Segment Start: Records for this task

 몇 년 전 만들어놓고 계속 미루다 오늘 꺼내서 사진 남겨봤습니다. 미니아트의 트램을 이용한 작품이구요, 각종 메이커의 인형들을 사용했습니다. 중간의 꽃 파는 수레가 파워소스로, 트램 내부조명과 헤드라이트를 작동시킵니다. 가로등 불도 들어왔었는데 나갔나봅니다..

Segment End: Records for this task
Segment Start: Records for this task

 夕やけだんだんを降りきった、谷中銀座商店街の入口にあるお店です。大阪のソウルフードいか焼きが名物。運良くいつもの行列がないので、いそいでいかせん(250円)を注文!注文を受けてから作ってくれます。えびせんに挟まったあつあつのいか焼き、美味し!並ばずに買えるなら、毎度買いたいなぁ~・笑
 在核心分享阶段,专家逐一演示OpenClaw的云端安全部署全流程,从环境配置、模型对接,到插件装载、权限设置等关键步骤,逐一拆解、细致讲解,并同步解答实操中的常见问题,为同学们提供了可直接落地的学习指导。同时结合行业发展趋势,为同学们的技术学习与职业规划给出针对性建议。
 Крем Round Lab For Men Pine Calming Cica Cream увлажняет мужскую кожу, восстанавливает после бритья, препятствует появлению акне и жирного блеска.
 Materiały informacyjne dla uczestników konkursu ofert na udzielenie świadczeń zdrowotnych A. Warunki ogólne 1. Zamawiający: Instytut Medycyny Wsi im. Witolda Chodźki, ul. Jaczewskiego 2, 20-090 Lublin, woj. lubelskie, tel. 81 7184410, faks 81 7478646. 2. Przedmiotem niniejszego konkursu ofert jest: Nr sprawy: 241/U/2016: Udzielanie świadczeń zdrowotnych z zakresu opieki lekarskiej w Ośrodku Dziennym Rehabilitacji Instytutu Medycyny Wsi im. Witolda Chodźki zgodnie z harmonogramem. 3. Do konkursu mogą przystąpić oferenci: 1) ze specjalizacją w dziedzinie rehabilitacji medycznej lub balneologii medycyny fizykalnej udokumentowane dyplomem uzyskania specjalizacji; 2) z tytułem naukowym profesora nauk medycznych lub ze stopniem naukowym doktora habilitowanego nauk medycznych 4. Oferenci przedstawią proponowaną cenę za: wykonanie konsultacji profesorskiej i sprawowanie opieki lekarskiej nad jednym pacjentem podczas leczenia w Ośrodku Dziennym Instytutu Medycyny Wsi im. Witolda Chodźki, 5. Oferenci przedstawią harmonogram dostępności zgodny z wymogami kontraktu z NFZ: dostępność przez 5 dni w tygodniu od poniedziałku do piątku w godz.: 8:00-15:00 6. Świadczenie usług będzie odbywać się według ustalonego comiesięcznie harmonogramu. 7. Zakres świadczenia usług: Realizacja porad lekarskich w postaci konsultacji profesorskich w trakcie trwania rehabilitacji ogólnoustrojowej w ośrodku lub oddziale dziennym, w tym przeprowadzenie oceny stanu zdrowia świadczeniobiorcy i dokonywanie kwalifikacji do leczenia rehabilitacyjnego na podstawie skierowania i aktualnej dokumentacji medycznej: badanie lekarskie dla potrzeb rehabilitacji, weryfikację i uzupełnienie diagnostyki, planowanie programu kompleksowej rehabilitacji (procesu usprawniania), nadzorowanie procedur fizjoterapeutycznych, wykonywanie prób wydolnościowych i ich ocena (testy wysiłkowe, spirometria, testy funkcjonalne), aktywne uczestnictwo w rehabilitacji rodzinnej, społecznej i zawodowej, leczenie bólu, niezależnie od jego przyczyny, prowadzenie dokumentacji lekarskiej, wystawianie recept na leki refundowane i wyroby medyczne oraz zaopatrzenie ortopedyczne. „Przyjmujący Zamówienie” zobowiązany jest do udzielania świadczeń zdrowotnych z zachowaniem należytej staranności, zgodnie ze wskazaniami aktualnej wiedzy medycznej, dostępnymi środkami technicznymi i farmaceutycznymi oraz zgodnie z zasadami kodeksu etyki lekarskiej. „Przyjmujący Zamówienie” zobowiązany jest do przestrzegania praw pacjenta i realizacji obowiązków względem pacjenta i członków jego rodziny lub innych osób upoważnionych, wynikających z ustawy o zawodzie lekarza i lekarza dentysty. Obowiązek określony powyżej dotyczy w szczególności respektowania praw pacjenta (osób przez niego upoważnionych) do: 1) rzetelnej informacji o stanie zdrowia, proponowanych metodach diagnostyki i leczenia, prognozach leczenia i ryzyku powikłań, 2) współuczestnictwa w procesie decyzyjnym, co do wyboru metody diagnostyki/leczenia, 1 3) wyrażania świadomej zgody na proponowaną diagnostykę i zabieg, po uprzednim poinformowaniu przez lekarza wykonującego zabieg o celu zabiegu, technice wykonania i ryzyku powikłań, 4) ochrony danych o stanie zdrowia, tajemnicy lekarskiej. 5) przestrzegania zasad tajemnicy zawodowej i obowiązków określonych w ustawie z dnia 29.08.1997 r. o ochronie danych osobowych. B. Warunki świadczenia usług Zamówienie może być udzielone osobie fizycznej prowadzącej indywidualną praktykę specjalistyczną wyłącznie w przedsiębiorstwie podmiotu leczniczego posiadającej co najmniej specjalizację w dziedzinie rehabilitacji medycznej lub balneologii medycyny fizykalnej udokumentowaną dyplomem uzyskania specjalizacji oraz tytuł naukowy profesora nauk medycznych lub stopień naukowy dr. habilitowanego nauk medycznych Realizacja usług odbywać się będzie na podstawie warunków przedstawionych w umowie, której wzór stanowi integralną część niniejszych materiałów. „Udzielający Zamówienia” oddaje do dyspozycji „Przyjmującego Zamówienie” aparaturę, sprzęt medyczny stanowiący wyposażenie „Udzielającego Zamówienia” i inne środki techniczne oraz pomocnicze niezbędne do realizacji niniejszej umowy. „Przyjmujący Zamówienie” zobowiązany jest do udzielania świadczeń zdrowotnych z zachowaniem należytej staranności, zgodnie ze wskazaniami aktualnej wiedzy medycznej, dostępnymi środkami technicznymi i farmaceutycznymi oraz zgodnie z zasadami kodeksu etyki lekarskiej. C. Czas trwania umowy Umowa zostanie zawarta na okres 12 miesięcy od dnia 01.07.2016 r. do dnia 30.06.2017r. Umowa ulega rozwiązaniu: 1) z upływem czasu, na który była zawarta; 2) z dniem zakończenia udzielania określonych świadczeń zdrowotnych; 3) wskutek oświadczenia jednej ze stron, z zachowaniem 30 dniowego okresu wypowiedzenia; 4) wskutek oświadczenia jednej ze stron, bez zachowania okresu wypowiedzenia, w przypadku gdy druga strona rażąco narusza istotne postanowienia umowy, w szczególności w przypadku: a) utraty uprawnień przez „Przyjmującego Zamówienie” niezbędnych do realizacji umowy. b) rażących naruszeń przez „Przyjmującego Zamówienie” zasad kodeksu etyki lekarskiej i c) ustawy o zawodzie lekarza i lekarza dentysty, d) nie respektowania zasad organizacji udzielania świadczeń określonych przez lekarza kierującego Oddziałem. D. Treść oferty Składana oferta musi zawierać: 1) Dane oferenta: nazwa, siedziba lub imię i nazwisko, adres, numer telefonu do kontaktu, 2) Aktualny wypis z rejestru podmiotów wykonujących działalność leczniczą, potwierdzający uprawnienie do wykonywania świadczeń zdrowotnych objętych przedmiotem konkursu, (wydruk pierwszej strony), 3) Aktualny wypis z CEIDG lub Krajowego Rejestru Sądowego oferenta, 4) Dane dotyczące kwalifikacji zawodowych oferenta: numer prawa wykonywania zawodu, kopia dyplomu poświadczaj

Segment End: Records for this task
Segment Start: Records for this task

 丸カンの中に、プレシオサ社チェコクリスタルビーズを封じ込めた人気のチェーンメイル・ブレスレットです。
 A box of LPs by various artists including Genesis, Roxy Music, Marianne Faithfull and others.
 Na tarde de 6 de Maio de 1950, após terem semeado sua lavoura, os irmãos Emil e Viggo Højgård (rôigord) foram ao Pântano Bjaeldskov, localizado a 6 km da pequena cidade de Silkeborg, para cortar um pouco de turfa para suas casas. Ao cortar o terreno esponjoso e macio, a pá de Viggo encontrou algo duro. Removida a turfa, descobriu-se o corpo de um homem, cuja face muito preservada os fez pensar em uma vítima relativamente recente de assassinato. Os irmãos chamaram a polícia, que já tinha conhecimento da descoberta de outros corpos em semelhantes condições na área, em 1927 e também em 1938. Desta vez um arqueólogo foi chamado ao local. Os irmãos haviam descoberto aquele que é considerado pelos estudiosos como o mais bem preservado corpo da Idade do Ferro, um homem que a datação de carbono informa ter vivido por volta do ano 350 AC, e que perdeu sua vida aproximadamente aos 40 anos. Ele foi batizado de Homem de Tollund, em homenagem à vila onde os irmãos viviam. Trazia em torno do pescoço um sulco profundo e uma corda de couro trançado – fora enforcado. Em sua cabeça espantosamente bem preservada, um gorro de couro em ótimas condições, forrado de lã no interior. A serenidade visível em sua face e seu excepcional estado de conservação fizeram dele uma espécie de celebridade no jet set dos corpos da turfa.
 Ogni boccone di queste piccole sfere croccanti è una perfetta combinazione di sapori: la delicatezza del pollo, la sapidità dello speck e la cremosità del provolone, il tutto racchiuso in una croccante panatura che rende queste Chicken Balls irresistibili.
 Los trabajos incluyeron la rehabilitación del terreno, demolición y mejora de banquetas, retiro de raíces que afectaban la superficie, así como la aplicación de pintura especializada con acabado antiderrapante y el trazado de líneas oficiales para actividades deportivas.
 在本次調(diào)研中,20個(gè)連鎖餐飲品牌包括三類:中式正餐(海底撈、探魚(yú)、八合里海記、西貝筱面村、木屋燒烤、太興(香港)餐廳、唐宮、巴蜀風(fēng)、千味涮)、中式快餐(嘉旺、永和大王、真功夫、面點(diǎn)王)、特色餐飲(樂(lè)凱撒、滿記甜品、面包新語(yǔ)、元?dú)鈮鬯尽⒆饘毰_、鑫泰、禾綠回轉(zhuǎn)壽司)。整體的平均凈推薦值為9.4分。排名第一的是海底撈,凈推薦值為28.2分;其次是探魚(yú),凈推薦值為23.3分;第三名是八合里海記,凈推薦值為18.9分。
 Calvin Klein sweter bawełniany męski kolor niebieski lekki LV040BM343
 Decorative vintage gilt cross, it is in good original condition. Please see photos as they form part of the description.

Segment End: Records for this task

Directions for this task.
Everything from the line with "夕やけだんだんを降りきった、" through the line with "在核心分享阶段,专家逐一演示" in the listing above must be retyped exactly, with nothing added.

Task result.
 夕やけだんだんを降りきった、谷中銀座商店街の入口にあるお店です。大阪のソウルフードいか焼きが名物。運良くいつもの行列がないので、いそいでいかせん(250円)を注文!注文を受けてから作ってくれます。えびせんに挟まったあつあつのいか焼き、美味し!並ばずに買えるなら、毎度買いたいなぁ~・笑
 在核心分享阶段,专家逐一演示OpenClaw的云端安全部署全流程,从环境配置、模型对接,到插件装载、权限设置等关键步骤,逐一拆解、细致讲解,并同步解答实操中的常见问题,为同学们提供了可直接落地的学习指导。同时结合行业发展趋势,为同学们的技术学习与职业规划给出针对性建议。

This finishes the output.